### PROBLEM TO WORK ON
Without any of the pictures, set down the data below exactly.

━━━ DATA BLOCK ━━━

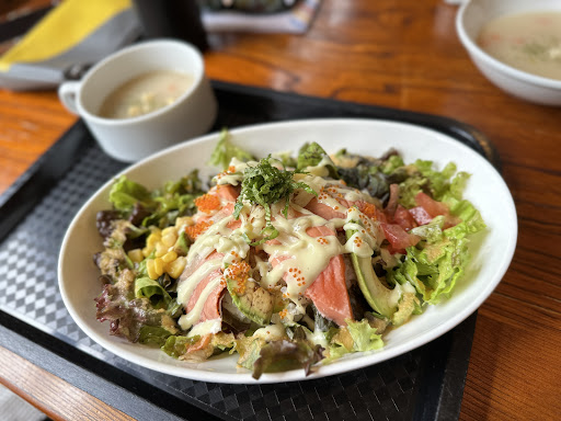 Read more🥗 Salmon Avocado Salad with Miso Mayo This was a refreshing surprise. The salad featured fresh lettuce, juicy tomatoes, creamy avocado slices, and vibrant chunks of salmon sashimi, all drizzled with a rich miso mayo dressing and topped with tobiko (fish roe) for a pop of umami. Corn and nori strips added extra texture and flavor. It came with a warm cup of creamy corn soup—simple but satisfying.
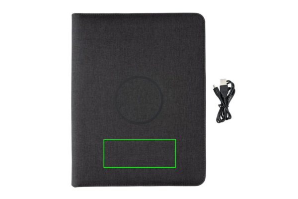 See A4-formaadis portfolio-märkmik sisaldab uusimat tehnoloogiat. Esikaanel on juhtmevaba laadimisalus teie telefoni jaoks. (Androidi uusimad põlvkonnad, iPhone 8 ja uuemad). Vanemaid telefone ja tahvelarvuteid saab laadida USB-portide kaudu välise 5000 mAh toitepangaga. Sisend: 5,0V/2,1A. Väljund 1: 5,0V/2,1A. Väljund 2: 5,0 V/2,1 A. Juhtmeta väljund: 5 W. Registreeritud disain®
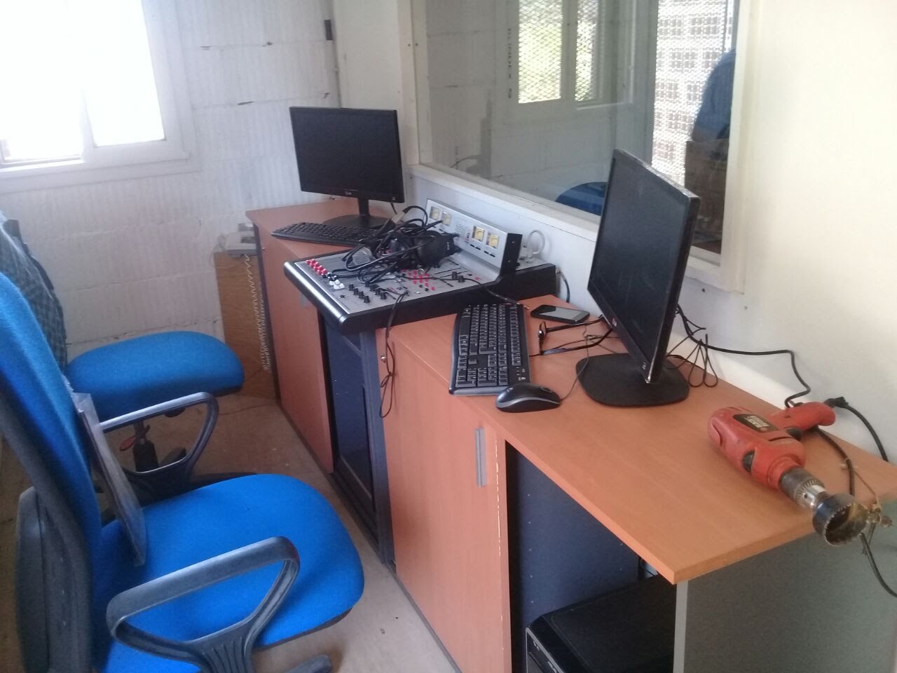 La construcción física de la radio se realizó con el aporte de Dominó, una agrupación de la Facultad de Arquitectura de la UNR que colaboró con el diseño, la mano de obra y los materiales. Para albergar al estudio de la radio en el centro comunitario se hizo una escalera y un primer piso que no existía. Desde la comunidad, fueron gestionando con distintos actores para conseguir todo lo necesario para el estudio: desde las chapas y los vidrios hasta las mesas y las sillas.
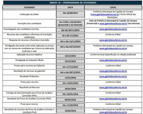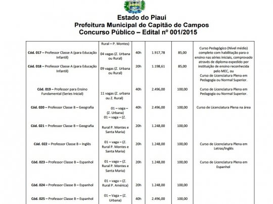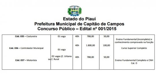 O município de Capitão de Campos lançou edital para realização de concurso público visando preenchimento de vagas em diversos cargos e níveis de ensino. O Concurso Público será realizado sob a responsabilidade da empresa Gabriel & Gabriel, Consultoria e Projetos Ltda, (Instituto Gabriel Excelência).

━━━

### TASK OUTPUT
 Read more🥗 Salmon Avocado Salad with Miso Mayo This was a refreshing surprise. The salad featured fresh lettuce, juicy tomatoes, creamy avocado slices, and vibrant chunks of salmon sashimi, all drizzled with a rich miso mayo dressing and topped with tobiko (fish roe) for a pop of umami. Corn and nori strips added extra texture and flavor. It came with a warm cup of creamy corn soup—simple but satisfying.
 See A4-formaadis portfolio-märkmik sisaldab uusimat tehnoloogiat. Esikaanel on juhtmevaba laadimisalus teie telefoni jaoks. (Androidi uusimad põlvkonnad, iPhone 8 ja uuemad). Vanemaid telefone ja tahvelarvuteid saab laadida USB-portide kaudu välise 5000 mAh toitepangaga. Sisend: 5,0V/2,1A. Väljund 1: 5,0V/2,1A. Väljund 2: 5,0 V/2,1 A. Juhtmeta väljund: 5 W. Registreeritud disain®
 La construcción física de la radio se realizó con el aporte de Dominó, una agrupación de la Facultad de Arquitectura de la UNR que colaboró con el diseño, la mano de obra y los materiales. Para albergar al estudio de la radio en el centro comunitario se hizo una escalera y un primer piso que no existía. Desde la comunidad, fueron gestionando con distintos actores para conseguir todo lo necesario para el estudio: desde las chapas y los vidrios hasta las mesas y las sillas.
 O município de Capitão de Campos lançou edital para realização de concurso público visando preenchimento de vagas em diversos cargos e níveis de ensino. O Concurso Público será realizado sob a responsabilidade da empresa Gabriel & Gabriel, Consultoria e Projetos Ltda, (Instituto Gabriel Excelência).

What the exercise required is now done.